Where is the Lysefjorden Rundt?
In the southwestern corner of Norway lies the port city of Stavanger. A few kilometres to the east lies the mighty west-east running Lysefjorden (the fjord of Light). At the head of the fjord lies Lysebotn village: a scattering of houses, a campsite, bar, cafe/info point/shop and a hostel. The walk takes in two famous points that are much photographed. The Preikestolen Rock, that juts out 650 metres above the waters beneath and the Kjeragbolten, a teardrop-shaped rock wedged between two vertical faces 1000 metres above the water! Two reasons to visit but lying in between the two is a fascinating, and in places hard, mountain walk that should take the average walker eight to ten days.

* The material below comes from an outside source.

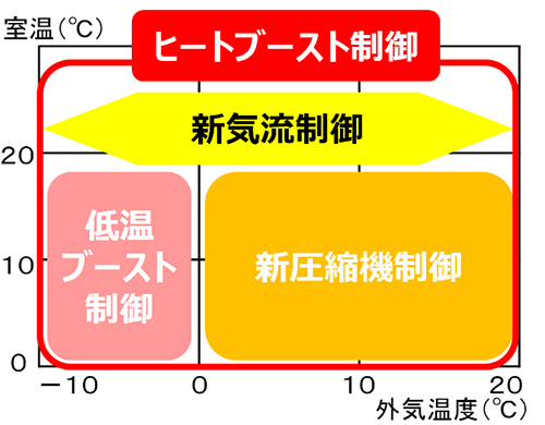 「ヒートブースト制御」は、室温と外気温の違いによって機能する「新気流制御」「新圧縮機制御」「低温ブースト制御」の3つの制御技術から構成される。とくに「新気流制御」と「新圧縮機制御」の2つは、暖房の設定温度に到達するまでの時間を、従来の14分から11分に20%短縮させた技術だ。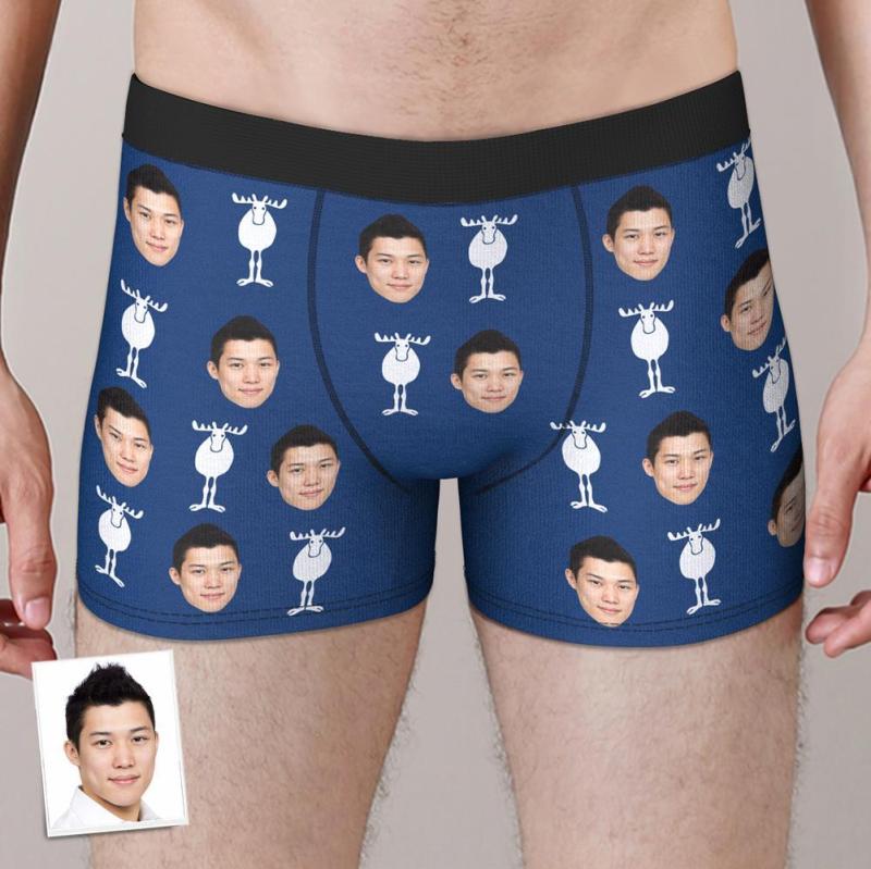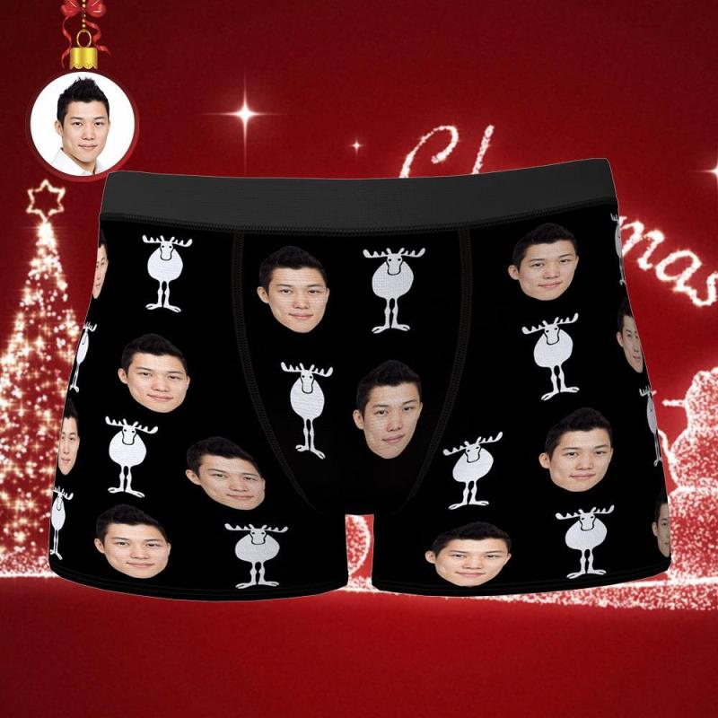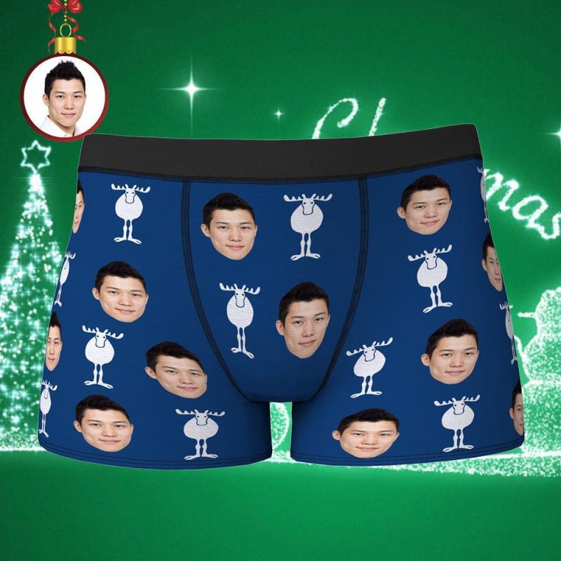 カスタムフォトボクサーパンツ-写真入れ可能なトナカイ柄のクリスマス下着ギフト

The comments below are based entirely on our experience of walking this route in the summer of 2013. Things change, we might have got things wrong. The intention is solely to give you more information than is out there already!
Getting to Lysefjorden
If your starting point is Stavanger and you don’t have a car, the best way is to join the tourist masses and take the Tau Ferry from Stavanger harbour. During the walking season, a bus meets many of the ferries at Tau to whisk expectant day walkers up to the Preikestolen Hostel for the four hour walk up to the Preikestolen Rock and back. They’ll be buying a return ticket with Ferry included, you’ll be buying a one way ticket and will have a slightly trepidatious smug grin on your face.
The trip takes about an hour from the ferry terminal to the hostel. The bus deposits you in the car park where there is a large loo block, a water tap and a small refreshment/souvenir shop. If you’ve become addicted to the Norwegian Hot Dogs (Ferry Dogs as they have been christened by our Norway living English friends who have to have one whenever they go on a ferry!), they sell them here and if you’re addicted, they will be your last for a few days! The hostel offers food, drink and accommodation if you plan to start the walk the following day, or back down the access road there is a campsite (but you should have got off the bus already!)
What happens at the end?
Apart from being able to bathe your feet in the Fjord, that depends on where you finish. Our last day was from the non-existent campsite at Fossmark down the road to Nedreidane and to the edge of the Fjord, where we hitched from a passing camper van to Forsand to discover that there was no boat back to Stavanger, so we walked back to the bridge tunnel entrance and hitched again and got a lift all the way back to Tau. We had urgent reasons to get out of the hills that day and get back to Tau and Stavanger quickly.
We also contemplated exiting via the Vindalen valley and getting the early bus on Monday morning (the only bus of the week) to Forsand and on to Tau. The other option was at Nedreidane to follow the lake-side path south west past Haukalivatnet and to Forsand. We did ask Stavanger Turistforenings (the body who oversees and waymarks the trails in this area) for information about buses out, only to be told that they couldn’t help as they didn’t deal with buses!
Hitching seems quite easy in our limited experience. We were carrying rucksacks and looked the part (they couldn’t smell us before we were onboard!)
The Lysefjorden Rundt Walk
I’m not going to describe the route in detail. The Lysefjorden Turkart 1:50000 map is detailed enough and presents you with various route options especially on the southern side. What I will do is give you a few clues as to what to expect along the way on each day (and explain why we didn’t do the full circuit!)
You’ll get information about the huts (some pages are in English) and membership of Stavanger Turistforening on their website.